FPGA-Based Processor Acceleration for Image Processing Applications

School of Electronics, Electrical Engineering and Computer Science, Queen’s University Belfast, Belfast BT7 1NN, UK
School of Computing, Electronics and Maths, Coventry University, Coventry CV1 5FB, UK
These authors contributed equally to this work.
Author to whom correspondence should be addressed.
Received: 27 November 2018 / Revised: 23 December 2018 / Accepted: 7 January 2019 / Published: 13 January 2019
(This article belongs to the Special Issue Image Processing Using FPGAs)
PDF [2329 KB, uploaded 13 January 2019]


FPGA-based embedded image processing systems offer considerable computing resources but present programming challenges when compared to software systems. The paper describes an approach based on an FPGA-based soft processor called Image Processing Processor (IPPro) which can operate up to 337 MHz on a high-end Xilinx FPGA family and gives details of the dataflow-based programming environment. The approach is demonstrated for a k-means clustering operation and a traffic sign recognition application, both of which have been prototyped on an Avnet Zedboard that has Xilinx Zynq-7000 system-on-chip (SoC). A number of parallel dataflow mapping options were explored giving a speed-up of 8 times for the k-means clustering using 16 IPPro cores, and a speed-up of 9.6 times for the morphology filter operation of the traffic sign recognition using 16 IPPro cores compared to their equivalent ARM-based software implementations. We show that for k-means clustering, the 16 IPPro cores implementation is 57, 28 and 1.7 times more power efficient (fps/W) than ARM Cortex-A7 CPU, nVIDIA GeForce GTX980 GPU and ARM Mali-T628 embedded GPU respectively.

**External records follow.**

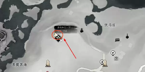 4.打开地图传送到菩提苦海右上角图中标记的位置。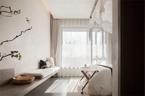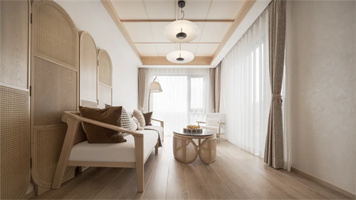 设计通过对竹林艺术自然氛围的营造,带来如沐清风的舒展惬意。空间材料取自棉麻布艺、藤编元素,在柔和的色彩下,这些所能看到的与自然亲密接触的细节,联袂铺陈出了一个远离城市嘈杂,聆听自然呼吸的质朴居所。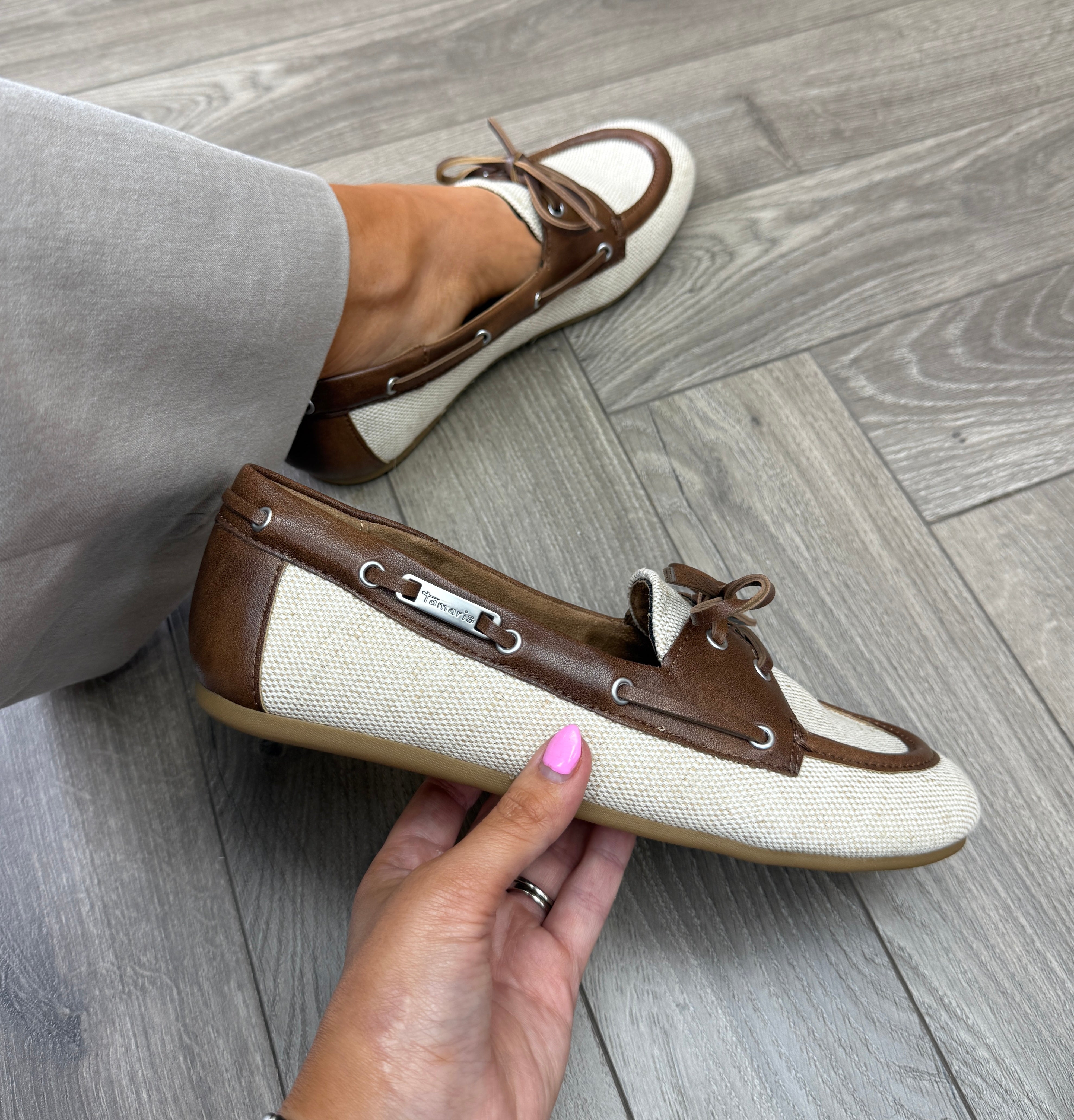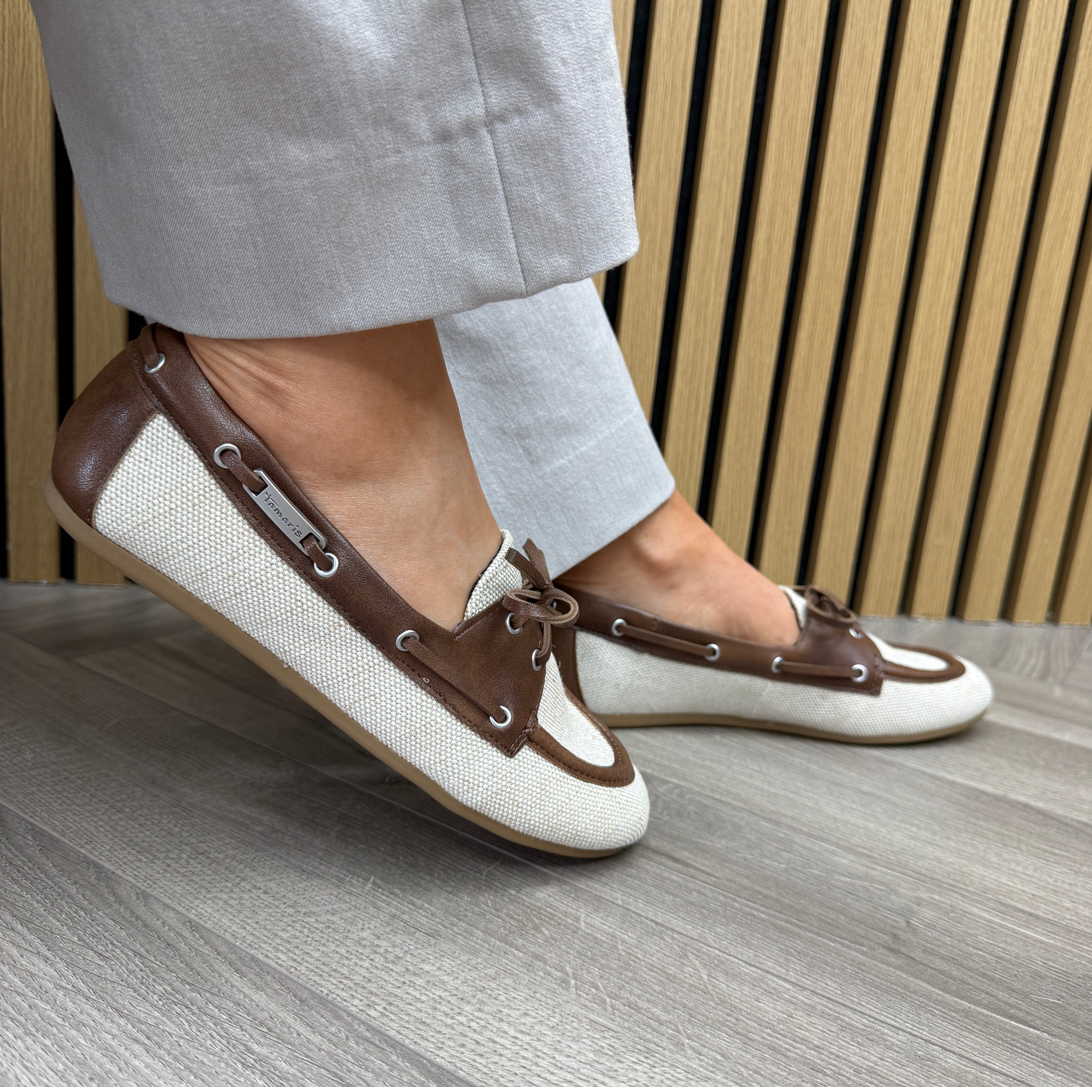 Tamaris 1-23611-46 Linen Boat Shoe - Beige Struct (TA50)

Keywords: FPGA; hardware acceleration; processor architectures; image processing; heterogeneous computing FPGA; hardware acceleration; processor architectures; image processing; heterogeneous computing
This is an open access article distributed under the Creative Commons Attribution License which permits unrestricted use, distribution, and reproduction in any medium, provided the original work is properly cited (CC BY 4.0).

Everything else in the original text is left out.